You can't, in any reasonable non-crazy way. I guess you could find the class name and the module, and then for each class name verify that it exist in the module, and if not, go through all classes that does exist in the module in a hierarchical way until you find it.
But since there is no reason to ever have class hierarchy like that, it's a non-problem. :-)
Also, I know you don't want to hear this at this point in your work, but:
Cross-platform serialization is an interesting subject, but doing it with objects like this is unlikely to be very useful, as the target system must have the exact same object hierarchy installed. You must therefore have two systems written in two different languages that are exactly equivalent. That's almost impossible and likely to not be worth the trouble.

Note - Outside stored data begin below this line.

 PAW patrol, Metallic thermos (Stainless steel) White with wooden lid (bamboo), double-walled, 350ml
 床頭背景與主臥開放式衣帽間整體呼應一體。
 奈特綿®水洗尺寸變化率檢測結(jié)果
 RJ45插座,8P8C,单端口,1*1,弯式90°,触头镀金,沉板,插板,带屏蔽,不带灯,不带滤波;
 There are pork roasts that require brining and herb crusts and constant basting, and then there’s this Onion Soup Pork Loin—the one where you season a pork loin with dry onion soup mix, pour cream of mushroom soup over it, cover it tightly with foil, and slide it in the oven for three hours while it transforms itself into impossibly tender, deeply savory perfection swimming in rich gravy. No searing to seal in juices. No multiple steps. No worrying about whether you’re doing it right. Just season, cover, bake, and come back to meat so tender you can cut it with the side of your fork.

You would for example not be able to use any object from Pythons standard library, as those don't exist in Ruby. The end result is that you must make your own object hierarchy that in the end use only basic types like strings and numbers. And in that case, your objects have just become containment for basic primitives, and then you can just as well serialize everything with JSON or XML anyway.
不要。标准库已经包含一个。实际上,根据您的计算方式,它至少包括两个(
pickle
和shelve
)。Don't. The standard library already includes one. Depending on how you count, actually, it includes at least two (
pickle
andshelve
).有两种方法可以做到这一点。
解决方案 1
第一个解决方案通过垃圾收集器。
这是代码:
算法:
__module__
的类字典,解决方案 2
使用源文件。使用检查来获取类的行并向上扫描嵌套它的新类。
注意:我不知道 python 2 中没有干净的方法,但 python 3 提供了一种。

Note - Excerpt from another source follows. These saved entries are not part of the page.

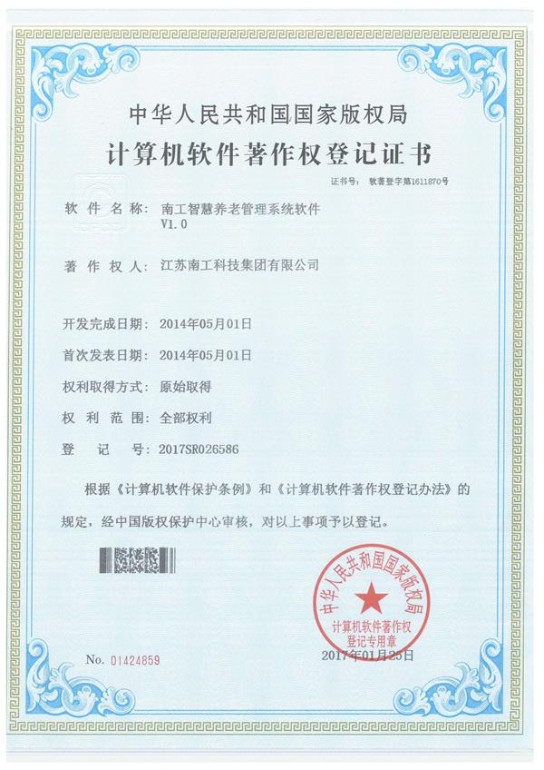 南工智慧養(yǎng)老管理系統(tǒng)軟件證書
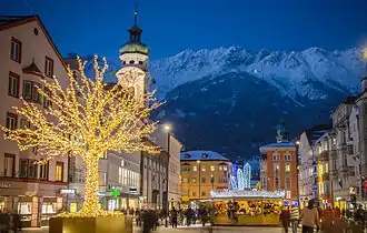 И́нсбрук (нем. Innsbruck, бав. Innschbruck, тирольск. Innschpruckh) — город в Австрии, административный центр федеральной земли Тироль. Расположен на западе страны на берегу реки Инн. Площадь города составляет 104,91 км²[1], население — 131 059 человек (1 января 2021)[2], плотность населения — 1258 чел./км². Крупный промышленный, туристический, культурный и спортивный центр Австрии.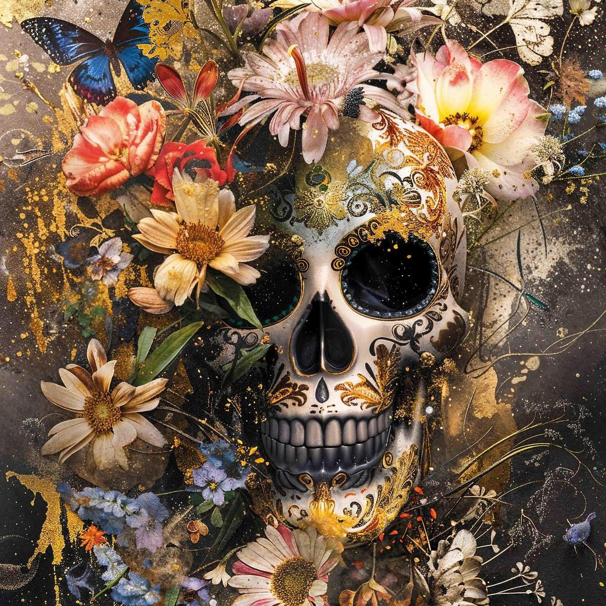 Een krachtig en sfeervol wandkleed dat jouw interieur direct karakter geeft. Het Floral Skull ontwerp combineert natuurlijke bloemen met een edgy schedel, waardoor het een opvallend en speels accent brengt in iedere ruimte.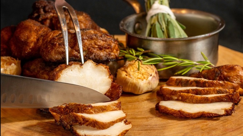 Do you prefer a plant-based Thanksgiving experience? With two locations in West Hollywood and Calabasas, Crossroads Kitchen offers a vegan alternative to your standard Turkey Day lunch or dinner. The four-course menu costs $80 per person and is available from noon to 6:00 p.m. Start with a celery root soup and a Waldorf salad before diving into the entrees. Main course options include a breaded scallopini or roasted lion's mane mushrooms with gravy. The mains are also served with an array of sides like mashed potatoes and stuffing.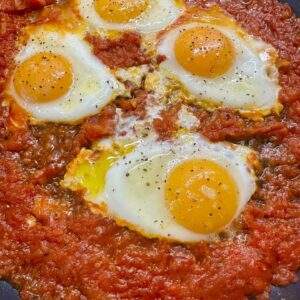 - Κάνουμε στην άκρη του τηγανιού την σάλτσα και προσθέτουμε ακόμη λίγο ελαιόλαδο , σπάμε τα αβγά ένα ένα μέσα όπως στην φυτογραφία , σκεπάζουμε με καπάκι και αφήνουμε για 10-15 λεπτά ανάλογα πόσο μελάτα τα θέλουμε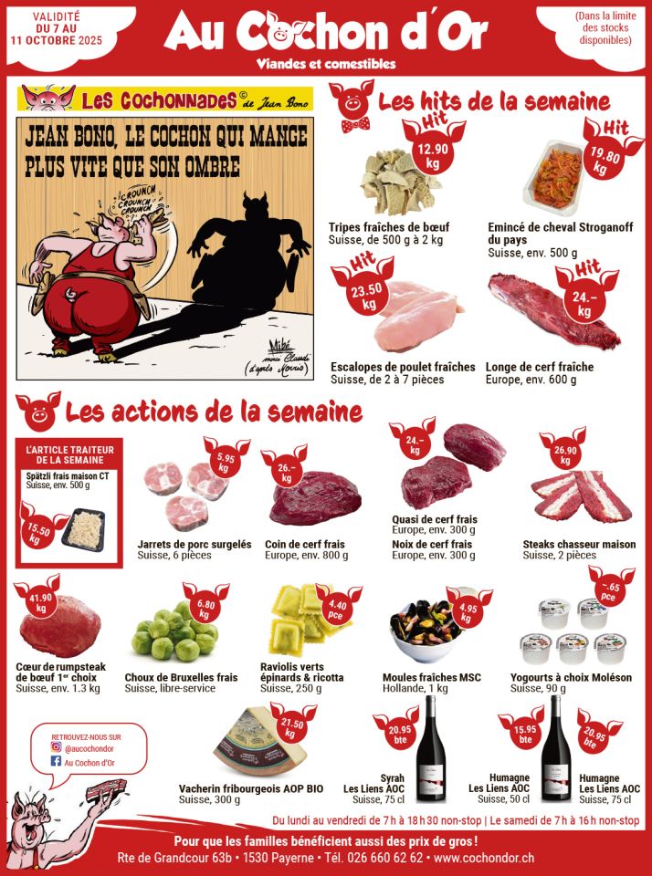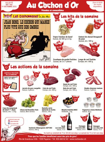 Ouvert à tous, le Cochon d'Or à la Route de Grandcour à Payerne vous offre un service de qualité. Boucherie, épicerie, fruits et légumes, cave ou encore traiteur à l'emporter, de tout pour tous !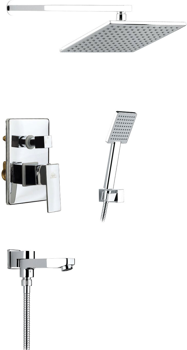 | Комплектация | Смеситель скрытого монтажа с монтажной коробкой - 1 шт. Штанга тропического душа - 1 шт. Тропический душ (пластик) - 1 шт. Ручная лейка (пластик) - 1 шт. Держатель ручной лейки (пластик) - 1 шт. Декоративная накладка смесителя - 1 шт. Ручка дивертора - 1 шт. Ручка управления смесителем - 1 шт. Шланг душа 1,5 м - 1 шт. Излив - дивертор / поворотный (латунный) - 1 шт. Инструкция - 1 шт. |

There are two ways of doing this.
Solution 1
The first one goes via the garbage-collector.
this is the code:
Algorithm:
__module__
as CSolution 2
use the source file. use inspect to get the lines of the class and scan upwards for new classes that nest it.
Note: I know no clean way in python 2, but python 3 provides one.